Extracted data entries
================================
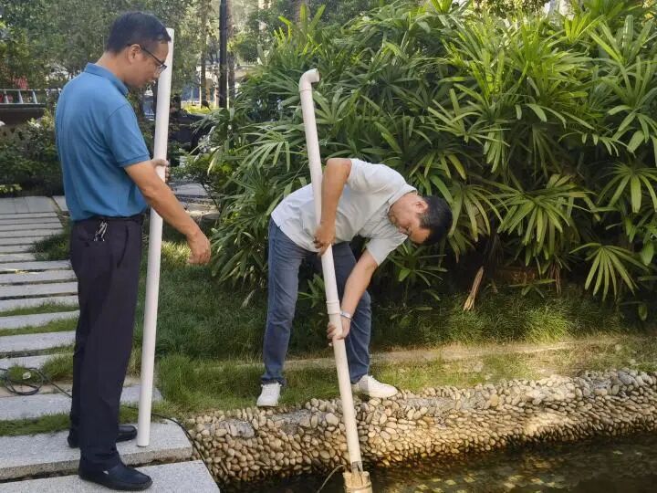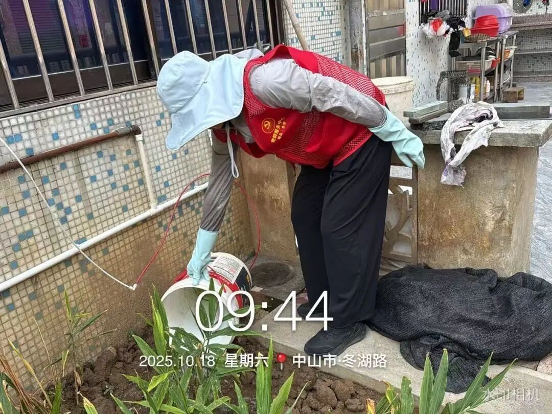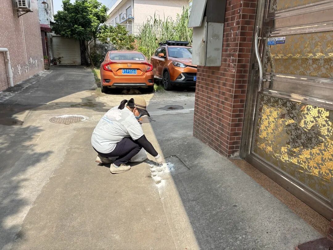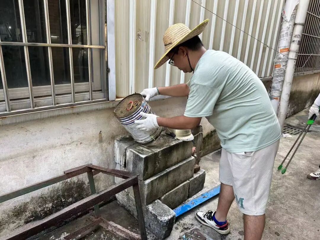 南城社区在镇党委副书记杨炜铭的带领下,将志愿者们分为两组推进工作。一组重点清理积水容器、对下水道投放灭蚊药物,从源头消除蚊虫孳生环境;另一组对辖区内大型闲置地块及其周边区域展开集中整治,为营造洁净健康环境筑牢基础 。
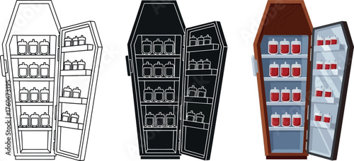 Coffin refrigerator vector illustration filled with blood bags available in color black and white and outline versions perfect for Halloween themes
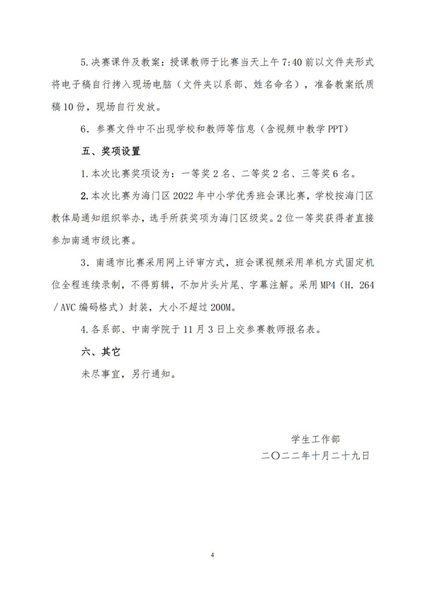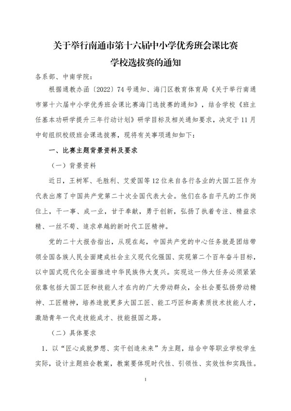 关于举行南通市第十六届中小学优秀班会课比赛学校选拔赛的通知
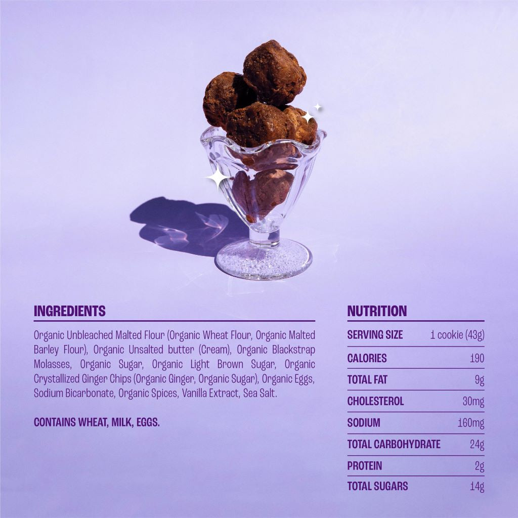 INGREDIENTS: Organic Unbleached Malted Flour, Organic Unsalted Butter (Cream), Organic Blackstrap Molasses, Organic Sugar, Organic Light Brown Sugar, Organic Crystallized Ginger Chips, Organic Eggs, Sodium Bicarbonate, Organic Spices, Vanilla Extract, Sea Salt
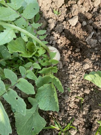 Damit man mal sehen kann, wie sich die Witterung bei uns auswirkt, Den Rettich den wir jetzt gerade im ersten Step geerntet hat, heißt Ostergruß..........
================================
WHAT IS EXPECTED:
Any pictures above are to be left out. Retype the rest of the records exactly.

RESPONSE AREA:
 南城社区在镇党委副书记杨炜铭的带领下,将志愿者们分为两组推进工作。一组重点清理积水容器、对下水道投放灭蚊药物,从源头消除蚊虫孳生环境;另一组对辖区内大型闲置地块及其周边区域展开集中整治,为营造洁净健康环境筑牢基础 。
 Coffin refrigerator vector illustration filled with blood bags available in color black and white and outline versions perfect for Halloween themes
 关于举行南通市第十六届中小学优秀班会课比赛学校选拔赛的通知
 INGREDIENTS: Organic Unbleached Malted Flour, Organic Unsalted Butter (Cream), Organic Blackstrap Molasses, Organic Sugar, Organic Light Brown Sugar, Organic Crystallized Ginger Chips, Organic Eggs, Sodium Bicarbonate, Organic Spices, Vanilla Extract, Sea Salt
 Damit man mal sehen kann, wie sich die Witterung bei uns auswirkt, Den Rettich den wir jetzt gerade im ersten Step geerntet hat, heißt Ostergruß..........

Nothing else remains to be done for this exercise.